Four members of the Vashon glee club created the popular singing group The Four Vagabonds in 1933. From 1935 to 1949, Vashon's boys basketball program won six state titles as part of the Missouri Negro Interscholastic Athletic Association. Vashon was barred from joining the Missouri State High School Activities Association until 1949, and between 1949 and 1954, it was prohibited from participating in both MNIAA tournaments and MSHSAA state tournaments.

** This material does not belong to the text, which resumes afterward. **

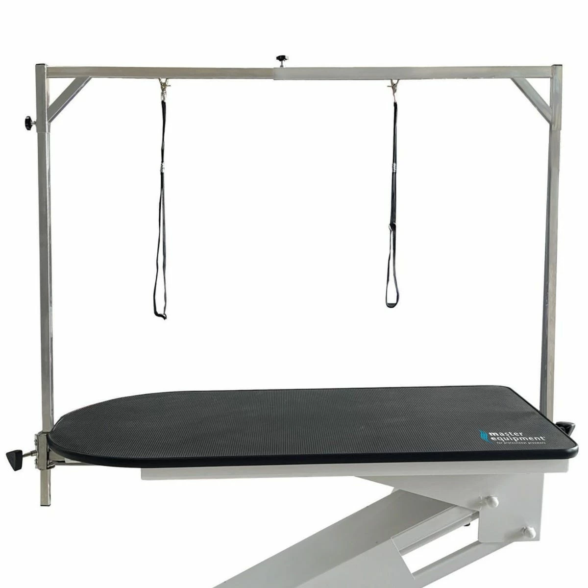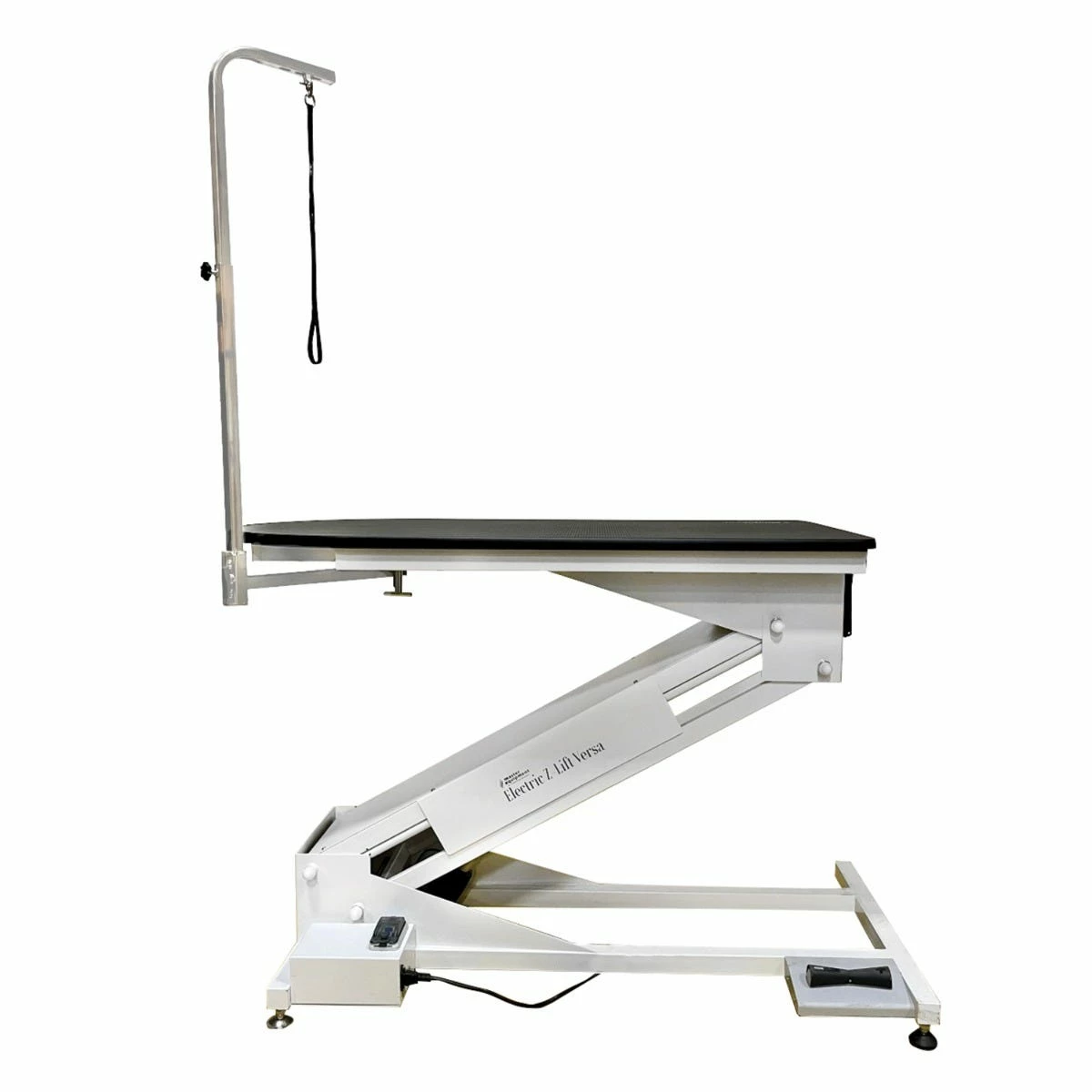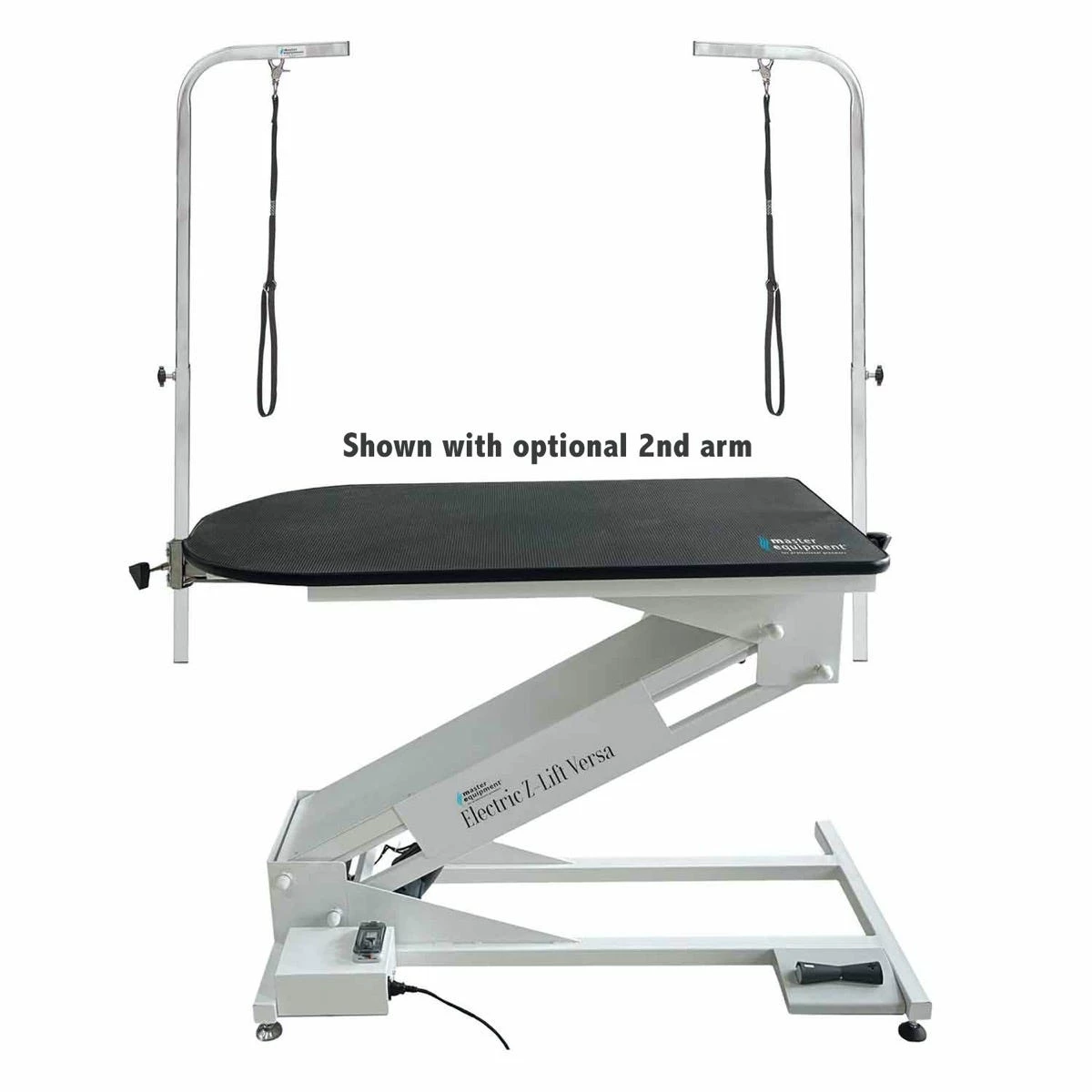 Overhead Arm Master Equipment Electric Z-Lift Versa Dog Grooming Table is a professional-duty versatile table designed for the professional groomer. Powerful lift capacity of 350 lbs means this table can handle even the largest dogs! Table top is 47”L x 23.5”W and is 1” thick. Table height is adjustable from 14.17″ to 42.5″ eliminating the need to pick up large dogs and is also great for small dogs too. With a versatile swivel arm that allows you to position the grooming arm out of the way when needed, table also has brackets for the included overhead grooming arm. The overhead arm allows you to use two grooming loops for more control over a hyperactive or uncooperative dog. It’s great for groomers who work by themselves and don’t have an extra set of hands around. Two USB outlets for charging and two electrical outlets for corded clippers and dryers keep the floors clear and safe around the table. Foot pedal control to raise and lower the table.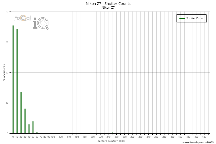 The following chart shows the distribution of shutter counts reported by cameras tested with FoCal. The horizontal axis of the chart is grouped into bins of 10,000 shutter actuations.

In June 1963, the school moved to the Hadley Vocational-Technical High School building at 3405 Bell Avenue, and the original building became part of Harris–Stowe State University. The Bell Avenue building had been built in the early 1930s with large shop classrooms that were subsequently divided into classrooms and offices with partition walls, causing noise problems throughout the school. Its architectural design also strongly resembled a factory, and according to a local newspaper report, "the main school building, gym and auditorium make one think the people inside might be manufacturing cars or widgets." The move was accompanied by protests in the local community and a student march against the transfer.

After the transfer, Vashon students were offered more vocational classes, including auto repair, fashion design, cosmetology, dry cleaning, woodworking, shoe repair, drafting, and commercial cooking. From 1974 to 2006, Vashon's boys basketball team was coached by Floyd Irons, a Vashon alumnus who became one of the winningest basketball coaches in Missouri history. Irons coached the team to four state championships in the 1980s.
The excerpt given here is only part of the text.